Hyperbaric Chambers: All Oxygen, All The Time

Michael Jackson.  Michael Phelps.  And now yours truly Michael Mackie have all experienced the joy of pure, pressurized O2.  Seems hyperbaric chambers aren’t just for deep-sea divers suffering from the bends anymore.  Now the procedure is used for everything from aiding in digestion to helping autistic kids.

Who knew?

So, of course, because it’s become all the rage … I simply HAD to try it out for myself.  Imagine getting in to a big oversized space suit, one that expands and expands until you feel like a tick about to explode.

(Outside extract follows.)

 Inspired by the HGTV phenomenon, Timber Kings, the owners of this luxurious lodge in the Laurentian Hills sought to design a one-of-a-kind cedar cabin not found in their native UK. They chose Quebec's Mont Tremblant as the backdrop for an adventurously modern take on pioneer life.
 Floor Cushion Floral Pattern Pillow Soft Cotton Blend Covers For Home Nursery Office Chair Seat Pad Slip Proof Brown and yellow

When I met with the doctor about what to expect I had tons of questions.  Like, “Are you single?”  Seems he had even more questions for me.  The first being, “You aren’t claustrophobic, are you?”  He then warned me about chronic ear popping as the machine filled up with pressurized oxygen.  Now I’m a seasoned flier, but even I wasn’t ready for the snap, crackle and pop going on inside my eardrums.  Mercifully, I grabbed some gum and gnawed on it like a manic cow chewing its cud.

The experience itself is wildly underwhelming.  After my ears stopped popping, I grabbed my ear buds and listened to Madonna’s new CD.  The doctor would pop in occasionally to ask how I was doing, peering through an oval-shaped porthole positioned above my head.  Good thing he was attractive because there would be nothing worse than a mediocre-looking person suddenly appearing in your window to the outside world.

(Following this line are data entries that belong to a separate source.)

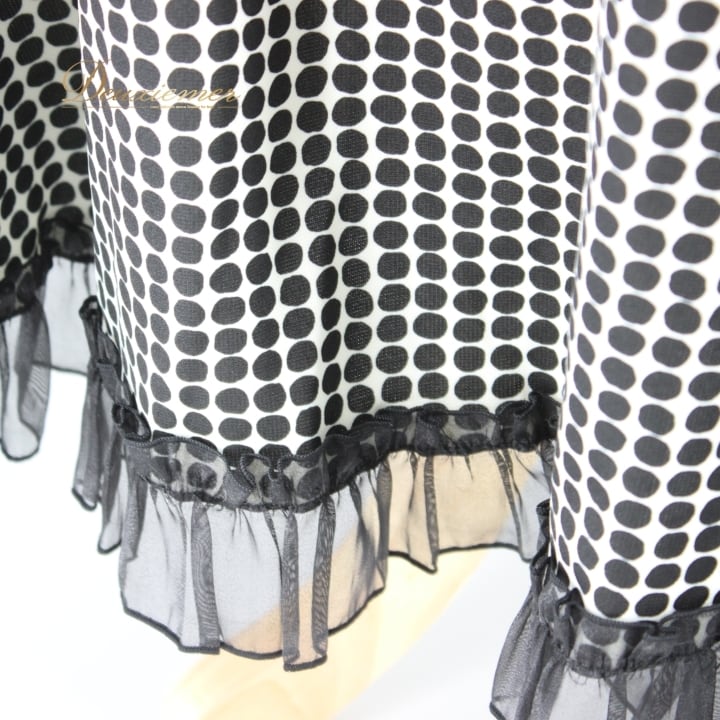社交ダンス 衣装 スタンダード スカート レッスンウェア オールシーズン 水玉 ドット 黒 白 ブラック系 ホワイト系 フリル 練習着 バイカラー レトロ かわいい スカート丈89.5cm ゴムウエスト 伸縮性 有り ドット柄 ダンス衣装 かわいいデザイン おしゃれ 練習用 フレアスカート トレーニング用 カジュアル コーディネート 安い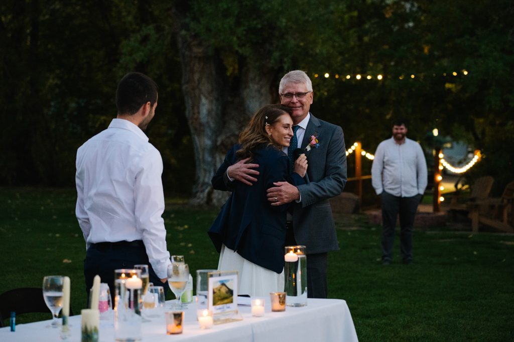 As the sun went down, dinner was held outside on large farm tables and Kaylee and Adam had their first dance by the river. The remainder of the celebration transitioned into the indoor reception hall for open dancing and delicious late night snacks from Little Man Ice Cream!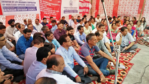 JAMMU, Mar 28: LIC Class-I officers under the banner of the Federation of LIC Class- I Officers’ Associations and LIC employees under the banner of Northern Zone Insurance Employees’ Association observed one hour strike today in all offices of LIC in across the State during lunch hour as a part of nationwide strike program.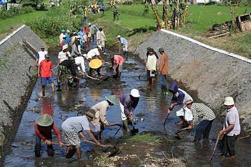 Kegiatan gotong royong membersihkan lingkungan sekitar.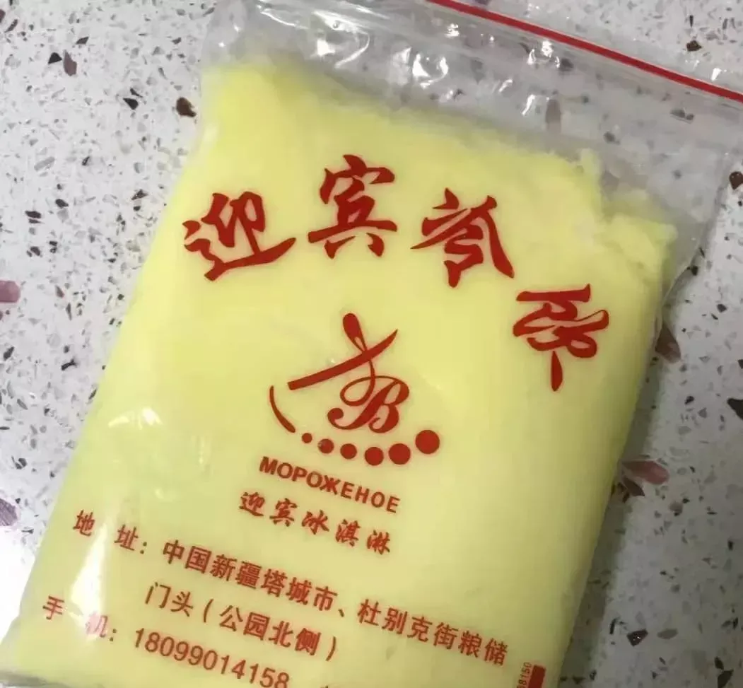 在塔城,雪糕和冰淇淋又叫玛洛什,是由牛奶和鸡蛋做的,不掺一滴水。除了街边售卖,你大可以去迎宾冷饮坐坐,尝一尝透明袋装和纸杯装的手工玛洛什。
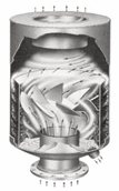 Exhaust steam enters the EHF or EHS exhaust head and encounters internal baffles that change the flow direction and reduce velocity. Moisture droplets and solid particles lose momentum and fall back into the exhaust line due to gravity. Clean, dry steam exits upward to atmosphere, preventing condensate carryover and minimizing noise and splash.

There’s a zipper on the inside of the tube and an emergency release valve in case anyone was to freak out mid-session.  (Apparently, it’s happened … and I can see why.  It’s like being entombed in a casket that resembles a tanning bed.)

Did I feel any different afterwards?  Not really … although I had achieved some sort of weird, Zen bliss.  And I did sleep really well that night.  I’m trying it again for a full-hour in a couple weeks.  I’ll report back then with the 411.